Redis Lua scripts execute atomically on the server, eliminating race conditions between reading the current token count and updating it. Without atomicity, two concurrent requests could both read "1 token remaining" and both be allowed.

5.2 Sliding Window Counter Algorithm

More accurate than fixed windows, but simpler than maintaining full request logs.

typescript

class SlidingWindowCounter {
  private redis: RedisCluster;

  private readonly LUA_SCRIPT = `
    local key_prefix = KEYS[1]
    local limit = tonumber(ARGV[1])
    local window = tonumber(ARGV[2])
    local now = tonumber(ARGV[3])

    -- Calculate current and previous window keys
    local current_window = math.floor(now / window)
    local previous_window = current_window - 1
    local current_key = key_prefix .. ':' .. current_window
    local previous_key = key_prefix .. ':' .. previous_window

    -- Get counts
    local current_count = tonumber(redis.call('GET', current_key) or 0)
    local previous_count = tonumber(redis.call('GET', previous_key) or 0)

    -- Calculate weighted count
    local elapsed_in_window = now - (current_window * window)
    local weight = 1 - (elapsed_in_window / window)
    local weighted_count = (previous_count * weight) + current_count

    -- Check if allowed
    if weighted_count >= limit then
      return {0, math.floor(weighted_count), limit,
              (current_window + 1) * window}
    end

    -- Increment current window
    redis.call('INCR', current_key)
    redis.call('EXPIRE', current_key, window * 2)

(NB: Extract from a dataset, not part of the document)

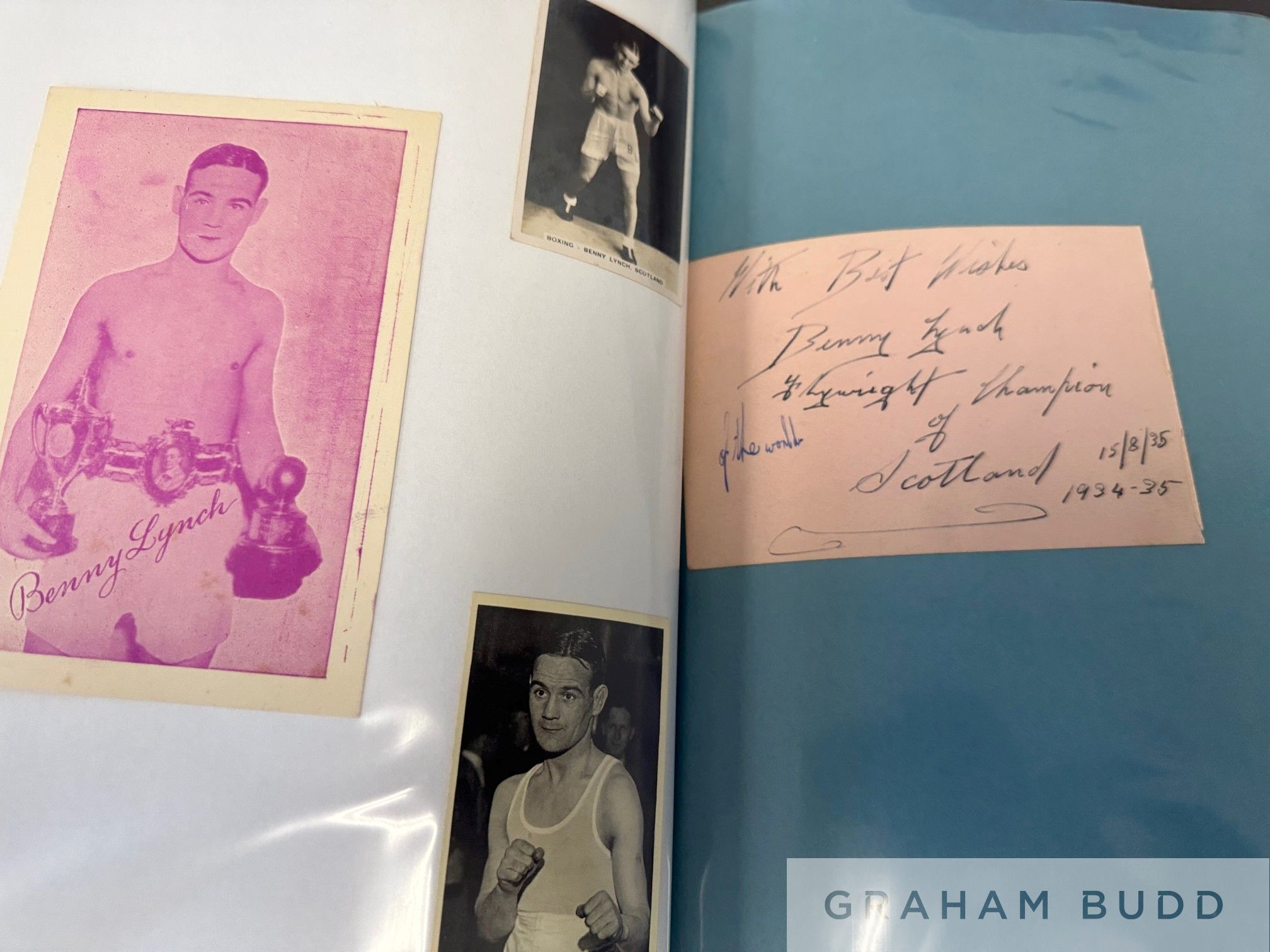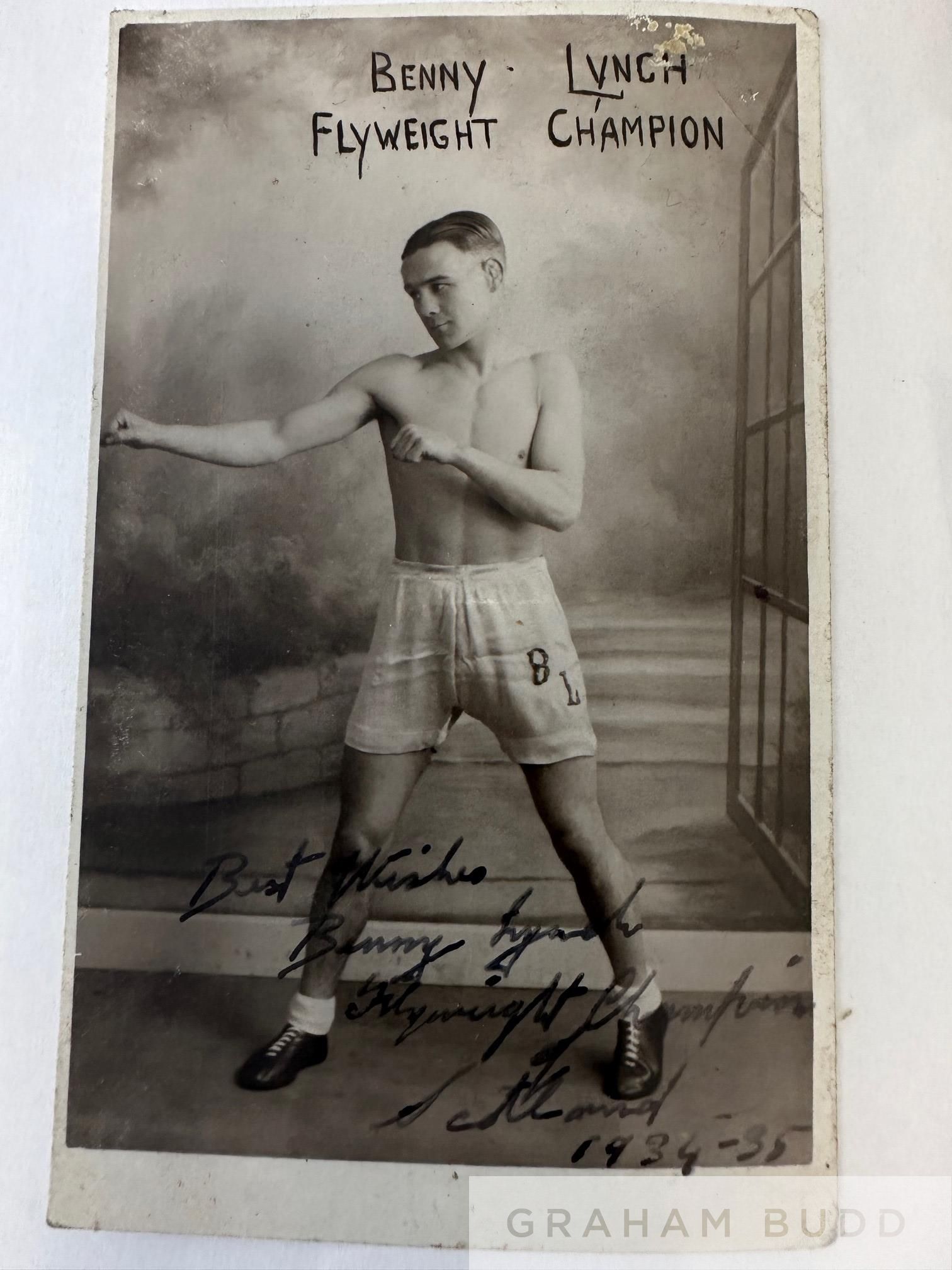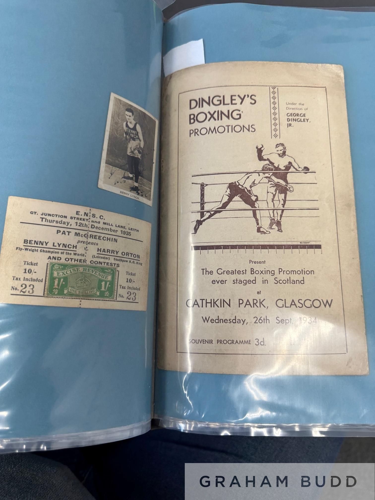 A rare and collector's Lifetime collection of Benny Lynch ephemera, comprising sixteen boxing programmes, six autographed photographs, five ticket stubs, mini fight poster and flyer Programmes: H.B. Promotion Boxing Programme, Benny Lynch v Willie Vogan,10th October 1933 at the Music Hall, George Street, Carlo Cavagnoli v. Benny Lynch, 21st March 1934 at the Kelvin Hall, Glasgow, Jimmy Campbell v. Benny Lynch, Flyweight Championship of Scotland, 16th May 1934 Evan Evans v. Benny Lynch, 29th May at the City Hall, Valentin Angelmann v. Benny Lynch, Virtually an Eliminating Contest for the Fly-Weight Championship of the World, 26th September 1934 at Cathkin Park, Glasgow Benny Lynch v. Jimmy Warnock, 11th March 1936 at King's Hall, Balmoral, Northern Ireland Benny Lynch v. Pat Warburton, 28th May 1936 at The Stadium Club Benny Lynch v. Phil Milligan, 16th November 1936 at Kings Hall Benny Lynch v. Small Montana, Fly-Weight Championship of the World, 19th January 1937, flyer and ticket stub at Empire Pool & Sports Arena, this fight saw Lynch defeat Montana and thus unified the World Fly-weight Championship Benny Lynch v. Nipper (Len) Hampston, 1st March 1937 at Kings Hall Benny Lynch v. Len Hampston, 22nd March 1937 at Leeds Town Hall Benny Lynch v. Roy Underwood, Flyweight Championship of Great Britain, Europe & the World, 13th October 1937 at Shawfield Park Benny Lynch v. Georges Bataille at The Granby Halls, Leicester, 13th December Benny Lynch v. Peter Kane, 24th March 1938 at Liverpool Football Ground Benny Lynch v. Kayo Morgan, International Bantam-Weight, 27th September 1938 at Shawfield Stadium Benny Lynch v. Aurel Toma, 3rd October 1938 at Empress Stadium, Earl's Court, programmes include multiple bouts taken place on same evening, ticket stubs other than mentioned above Benny Lynch v. Harry Orton, 12th December 1935, Benny Lynch v. Peter Kane, 13th October, Benny Lynch v. Jackie Jurich, 15th June 1938 and a copy of The Ring Magazine with Benny Lynch on the cover, 1937 etc, (2 green folders)

    return {1, math.floor(weighted_count), limit,
            (current_window + 1) * window}
  `;

  async check(
    clientId: string,
    rule: RateLimitRule
  ): Promise<RateLimitResult> {
    const keyPrefix = `rl:sw:${clientId}:${rule.id}`;
    const now = Date.now() / 1000;

    const [allowed, count, limit, resetAt] = await this.redis.eval(
      this.LUA_SCRIPT,
      1, keyPrefix,
      rule.limit, rule.window, now
    ) as [number, number, number, number];

    return {
      allowed: allowed === 1,
      limit,
      remaining: Math.max(0, limit - count - 1),
      resetAt,
      retryAfter: allowed === 1 ? undefined : Math.ceil(resetAt - now),
    };
  }
}

5.3 Sliding Window Log Algorithm

Most accurate but most memory-intensive. Stores every request timestamp.

typescript

class SlidingWindowLog {
  private redis: RedisCluster;

  private readonly LUA_SCRIPT = `
    local key = KEYS[1]
    local limit = tonumber(ARGV[1])
    local window = tonumber(ARGV[2])
    local now = tonumber(ARGV[3])
    local window_start = now - window

    -- Remove expired entries
    redis.call('ZREMRANGEBYSCORE', key, '-inf', window_start)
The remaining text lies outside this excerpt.